PayPalは、英語圏でモノやサービスを販売するECを展開している事業者のほとんどが加盟店となっている、定番中の定番の欠かせない決済サービスです。事業者が暗号資産による決済を使うためには、(おそらく)かんたんな操作をするだけで対応できてしまう作りになるはずです。端的に言えば、管理画面で「暗号資産でも決済させる」を選択するだけで、いま売っているモノやサービスを、瞬時にお客様に暗号資産で買ってもらえるようにできるわけです。
ちなみに、これまでも、事業者が個別に頑張ればビットコイン決済を実装することはできました。独自実装の場合、(ほとんどの人にとって未知の)暗号資産を安全に管理するためのコストやリスク、慣れない経理・会計・法務面などの学習コストで負担が大きく、ほとんどの場合、それに見合うリターンは無さそうということで経済合理性が合わなかったのです。暗号資産系の決済ASPを利用しても、対応するための開発費用やトランザクションごとの手数料を考慮すると、Stripeなどによるクレジットカード決済や(既存の)PayPal決済を超えるメリットはなかなか出づらい状況でした。
それでも暗号資産の未来に賭けて対応するチャレンジャーも多くいましたが、伝え聞く決済額からすると、なかなかに手を出しづらい状況が続いていました。
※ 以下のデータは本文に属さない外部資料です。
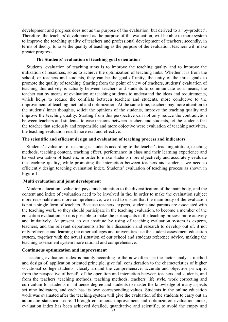 首先,从现实情况来看,即使以教师发展为评价目的,教学评价也对提高教师素质起到了一定的作用,教师的教学质量可以在评价中一次又一次地提高,只是在这个评价体系中,教师的发展和进步并不是评价的目的,而是衍生于“副产品”。因此,以教师发展为评价目的,将能够通过更多的制度来提高教师教学质量和教师专业发展水平;其次,就理论而言,为提高教学质量作为评估的目的,教师将取得更大的进步。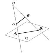 П1 в точке А1. Точку А1 принято называть центральной проекцией точки А на плоскость П1. Проекцией фигуры называется множество проекций всех ее точек. Такой вид проецирования называется линейным центральным проецированием( Л.Ц.П.)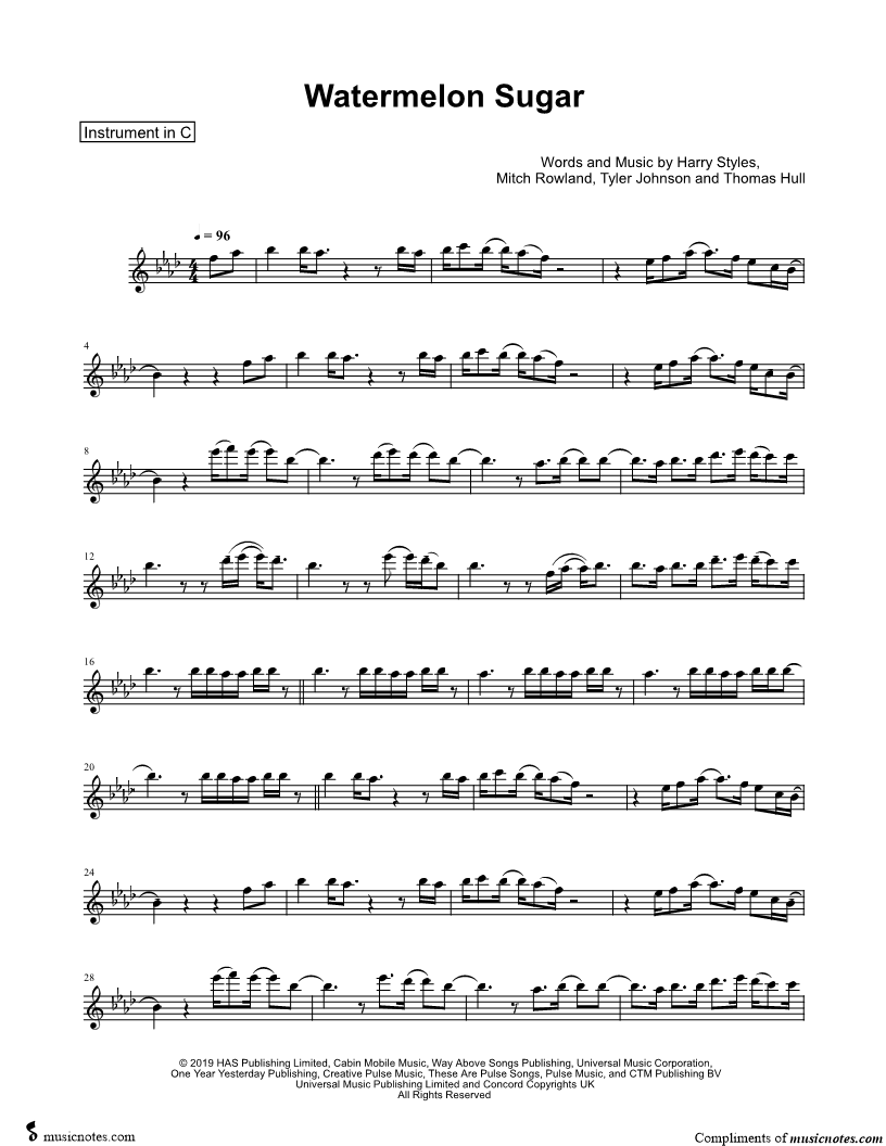 C Instrument, range: Bb4-F6 (Flute, Recorder, Violin or Oboe) | |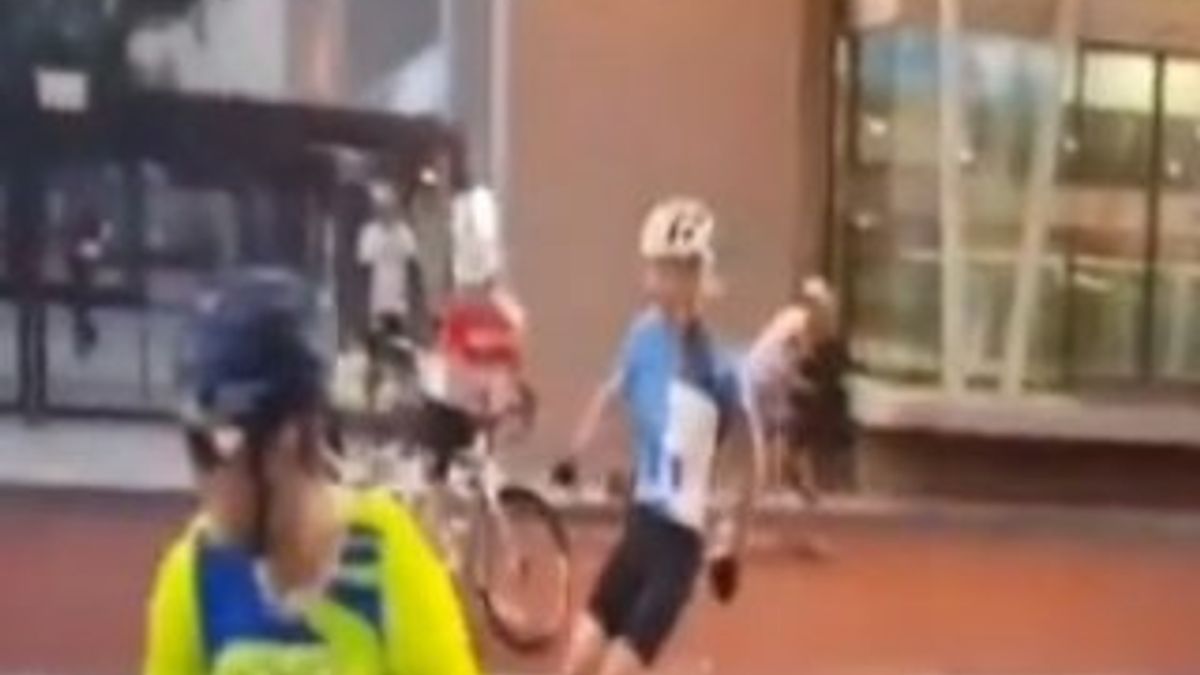 Cape Town'da yarışma için bir araya gelen bisikletçiler, pedal bile çeviremeden yola savruldu.

そんな中で、PayPalが対応してくれるなら、開発工数はほとんど掛からないだろうし、事業者側は円やドルで受け取ることで、暗号資産の管理コストや経理・会計・法務面を一挙に解決してくれるので、二の足を踏んでいたEC事業者にとっては渡りに船というわけです。
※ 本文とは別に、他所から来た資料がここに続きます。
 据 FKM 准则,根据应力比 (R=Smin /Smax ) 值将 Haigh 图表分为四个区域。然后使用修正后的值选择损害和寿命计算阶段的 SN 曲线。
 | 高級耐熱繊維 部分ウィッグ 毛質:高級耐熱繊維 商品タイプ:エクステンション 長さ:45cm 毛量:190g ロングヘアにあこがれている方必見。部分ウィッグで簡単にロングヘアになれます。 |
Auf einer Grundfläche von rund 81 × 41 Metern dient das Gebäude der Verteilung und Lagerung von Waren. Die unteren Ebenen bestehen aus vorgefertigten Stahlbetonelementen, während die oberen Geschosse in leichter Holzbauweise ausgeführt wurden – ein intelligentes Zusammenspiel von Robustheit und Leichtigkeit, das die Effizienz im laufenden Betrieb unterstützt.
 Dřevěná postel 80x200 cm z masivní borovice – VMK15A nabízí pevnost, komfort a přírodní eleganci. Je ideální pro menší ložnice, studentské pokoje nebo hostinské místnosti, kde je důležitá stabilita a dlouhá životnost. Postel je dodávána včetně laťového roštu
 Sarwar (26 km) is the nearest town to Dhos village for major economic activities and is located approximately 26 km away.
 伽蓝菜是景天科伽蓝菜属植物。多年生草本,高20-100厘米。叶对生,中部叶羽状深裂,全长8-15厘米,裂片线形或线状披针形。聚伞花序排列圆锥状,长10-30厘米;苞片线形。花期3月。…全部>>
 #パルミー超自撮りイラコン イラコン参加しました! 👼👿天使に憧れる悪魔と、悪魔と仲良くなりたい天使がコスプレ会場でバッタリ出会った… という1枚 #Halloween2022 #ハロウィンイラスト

例えるなら、暗号資産はそれぞれが1つの国の通貨のようなものなので、円とドル対応にしばるより、ペソもリラもマルクもなんでも対応していたほうが、モノやサービスは売れるし、裏側では、普段モノを仕入れるための円などの法定通貨に瞬時に替わるなら、事業者側も取り扱いに慣れているので安心ということになります。
5. PayPalのマネタイズポイントは2つある
暗号資産による決済によって、PayPalはどんな利益を得るのでしょうか。PayPalのビジネスモデル視点でみると、シンプルに決済手数料がベースになるでしょう。いまのPayPalのビジネスモデルと変わらず、モノやサービスを決済する時のトランザクションごとに利用者や事業者から手数料を数%得るというモデルです。
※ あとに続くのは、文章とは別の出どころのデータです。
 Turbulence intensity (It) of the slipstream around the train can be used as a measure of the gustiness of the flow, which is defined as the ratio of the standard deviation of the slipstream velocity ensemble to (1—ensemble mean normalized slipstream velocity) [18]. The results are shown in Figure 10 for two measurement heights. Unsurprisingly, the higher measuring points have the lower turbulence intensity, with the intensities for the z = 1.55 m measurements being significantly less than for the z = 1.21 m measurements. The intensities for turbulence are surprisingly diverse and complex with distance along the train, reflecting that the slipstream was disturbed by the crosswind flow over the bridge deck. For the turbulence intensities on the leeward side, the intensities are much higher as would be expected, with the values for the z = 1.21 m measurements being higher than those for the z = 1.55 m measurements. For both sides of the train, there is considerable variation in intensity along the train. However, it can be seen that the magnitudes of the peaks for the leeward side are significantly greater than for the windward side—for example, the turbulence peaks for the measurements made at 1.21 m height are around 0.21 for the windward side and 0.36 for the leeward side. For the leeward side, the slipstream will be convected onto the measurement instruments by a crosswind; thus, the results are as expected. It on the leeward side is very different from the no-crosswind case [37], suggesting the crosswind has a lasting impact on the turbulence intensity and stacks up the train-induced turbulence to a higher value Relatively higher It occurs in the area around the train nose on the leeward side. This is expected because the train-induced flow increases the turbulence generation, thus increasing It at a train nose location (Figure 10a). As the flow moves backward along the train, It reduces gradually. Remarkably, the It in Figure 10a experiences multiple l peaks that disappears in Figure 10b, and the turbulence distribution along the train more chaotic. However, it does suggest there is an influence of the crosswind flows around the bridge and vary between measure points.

暗号資産の元となっている技術であるブロックチェーンは、ざっくり言うと、現在のところ真面目にすべてのトランザクションをブロックチェーンに乗せると決済手数料は、いまのクレジットカードやPayPalよりも高くせざるを得ないのですが、利用者が多い決済サービスであれば、一定額をまとめてブロックチェーンに乗せることで、手数料はほぼタダ同然にできます。この辺りの仕組みはシバタナオキさんが分かりやすく解説してくれていますので参考にしてみてください。そうすると、PayPalは既存のガチガチにセキュリティの高いデータベースを運用・保守するよりも安く決済サービスを提供できるので、PayPal内でも、より利益率が高い決済チャネルを持つことになると思われます。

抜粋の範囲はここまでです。